Question

Hi I'm developing an invoicing application.

So the general idea is to have two tables:

Invoice (ID, Date, CustomerAddress, CustomerState, CustomerCountry, VAT, Total);

InvoiceLine (Invoice_ID, ID, Concept, Units, PricePerUnit, Total); 

As you can see this basic design leads to a lot of repetiton of records where the client will have the same addrres, state and country.

So the alternative is to have an address table and then make a relationship Address<-Invoice.

However I think that an invoice is immutable document and should be stored just the way it was first made. Sometimes customers change their addresses, or states and if it was coming from an Address catalog that will change all the previously made invoices.

So What is your experience?

How is the customer address stored in an invoice? In the Invoice table? an Address Table? or something else?

Can you provide pointers to a book, article or document where this is discussed in further detail?

Was it helpful?

Solution

I would strongly recommend against storing any customer details like that in the Invoice.

Instead, I would have a structure like:

Customer table, with a primary key of id

Customer address table (as each customer may have different addresses over time), with the customer id as a foreign key

Invoice table, with an address field that is a foreign key to a customer address table.

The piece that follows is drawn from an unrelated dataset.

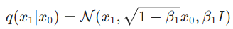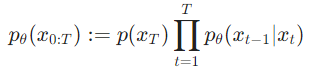 This might seem complicated but it basically says that (diffusion process) is a chain of gaussian transitions starting at and iterating T times using the equation for one diffusion process step

BTW, I would consider adding a VAT field per line item. There are countries where there are different VAT rates for different item types.

OTHER TIPS

Most standard product/order databases will have

a products table (ProductId, product info fields)  
a customers table (CustomerID, customer info like address etc) 
and an orders table  (OrderNumber, CustomerID, date, etc)

Then your order items become a many-many relationship table between orders and products.

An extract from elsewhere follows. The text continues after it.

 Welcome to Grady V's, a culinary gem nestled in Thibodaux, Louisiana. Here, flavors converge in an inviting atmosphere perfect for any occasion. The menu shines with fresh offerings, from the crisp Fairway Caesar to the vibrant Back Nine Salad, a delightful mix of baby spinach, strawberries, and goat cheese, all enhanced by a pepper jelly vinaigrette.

orderItems (OrderNumber, ProductID, quantity, purchasePrice, vat, etc)

To get a full invoice you'd query the orders table and join it with the OrderItems table. OrderItem usually has purchase price and such because the price in the product table may change after the order is created and that information is often useful to store.

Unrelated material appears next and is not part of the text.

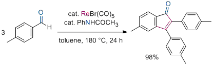 Rhenium- and Manganese-Catalyzed Carbon-Carbon Bond Formation Using 1,3-Dicarbonyl Compounds and Alkynes. Kuninobu, Y.; Kawata, A.; Yudha S. S.; Takata, H.; Nishi, M.; Takai, K. Pure Appl. Chem. 2010, 82 (7), 1491-1501. (Account) [LINK] Rhenium-Catalyzed Synthesis of Indenones by Novel Dehydrative Trimerization of Aryl Aldehydes via C-H Bond Activation. Kuninobu, Y.; Matsuki, T.; Takai, K. Org. Lett. 2010, 12 (13), 2948-2950. (Communication) [LINK] Graphical Abstract

I'd consider doing it with three tables: Customer, Invoice and Address, but construct it so that once an address is entered, it is never updated or deleted, only deprecated. You can have an IsDeprecated or IsActive boolean field in your address table. Then when you create an invoice, the invoice links to the CustomerID AND to the AddressID being used at the time. When the customer changes their address, you create a new record with a new AddressID and deprecate the old one with the boolean field. Or if you really want to keep good records and/or will ever need to look up this data, you could have an AddressActiveStartDate and AddressActiveEndDate, but this will make queries a little more complicated.

That way you still store the old address, with it still being linked to the customer for reference, while also allowing the customer to have more than one listed address (e.g. one for shipping, one for billing).

You can add more tables as necessary, e.g. Product, InvoiceLine, State, etc.